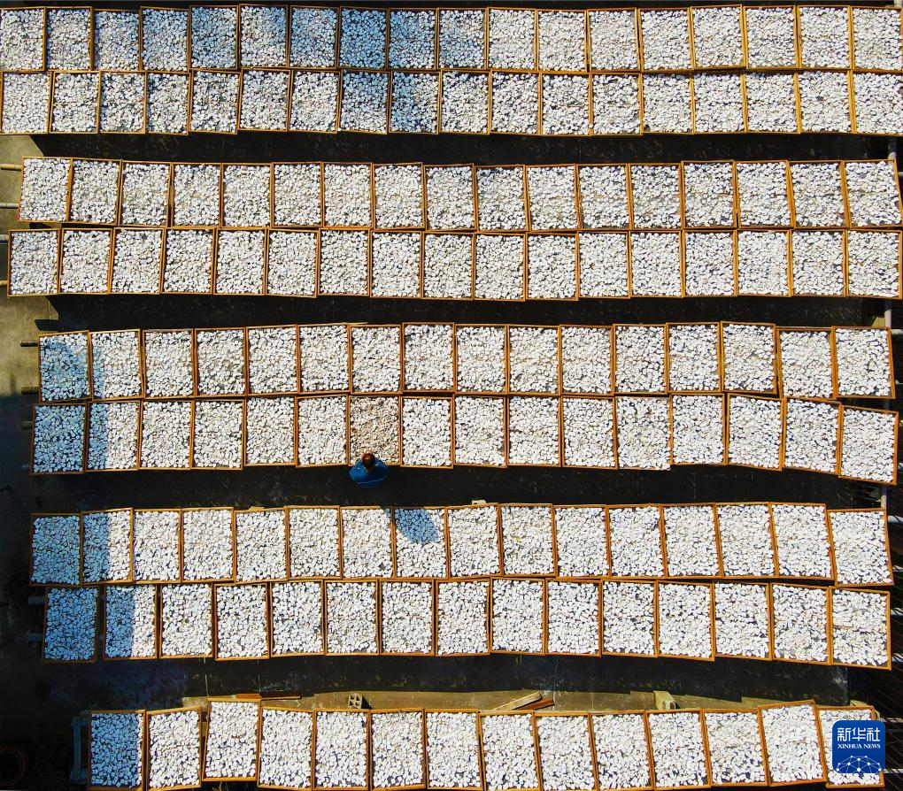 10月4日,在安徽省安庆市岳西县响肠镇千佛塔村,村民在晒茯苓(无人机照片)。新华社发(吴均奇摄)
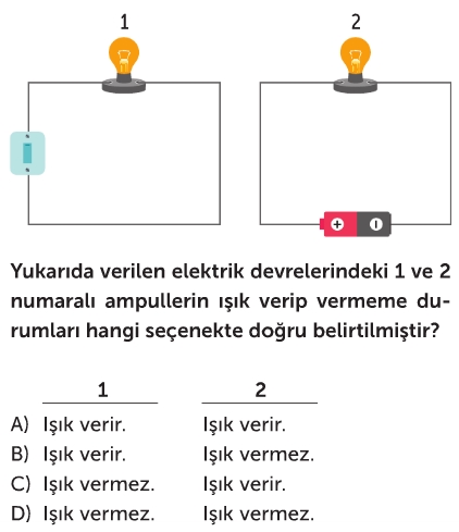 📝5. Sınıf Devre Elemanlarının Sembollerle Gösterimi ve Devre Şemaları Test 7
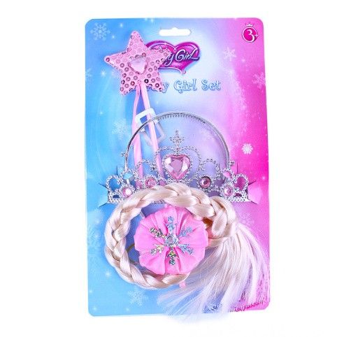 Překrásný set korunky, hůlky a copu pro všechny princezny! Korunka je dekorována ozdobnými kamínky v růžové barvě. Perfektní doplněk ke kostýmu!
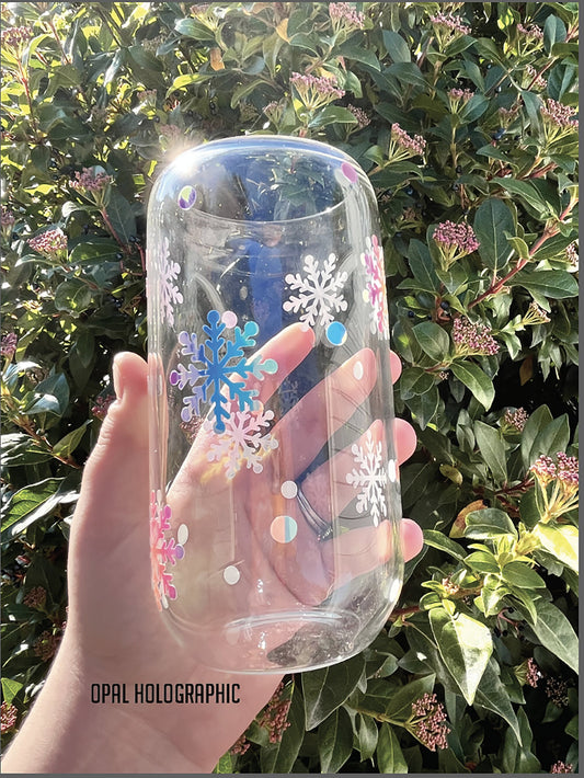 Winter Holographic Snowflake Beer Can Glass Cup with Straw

Directions for this task :: Restate the listing word for word and drop the pictures.

Output of the exercise ::
 10月4日,在安徽省安庆市岳西县响肠镇千佛塔村,村民在晒茯苓(无人机照片)。新华社发(吴均奇摄)
 📝5. Sınıf Devre Elemanlarının Sembollerle Gösterimi ve Devre Şemaları Test 7
 Překrásný set korunky, hůlky a copu pro všechny princezny! Korunka je dekorována ozdobnými kamínky v růžové barvě. Perfektní doplněk ke kostýmu!
 Winter Holographic Snowflake Beer Can Glass Cup with Straw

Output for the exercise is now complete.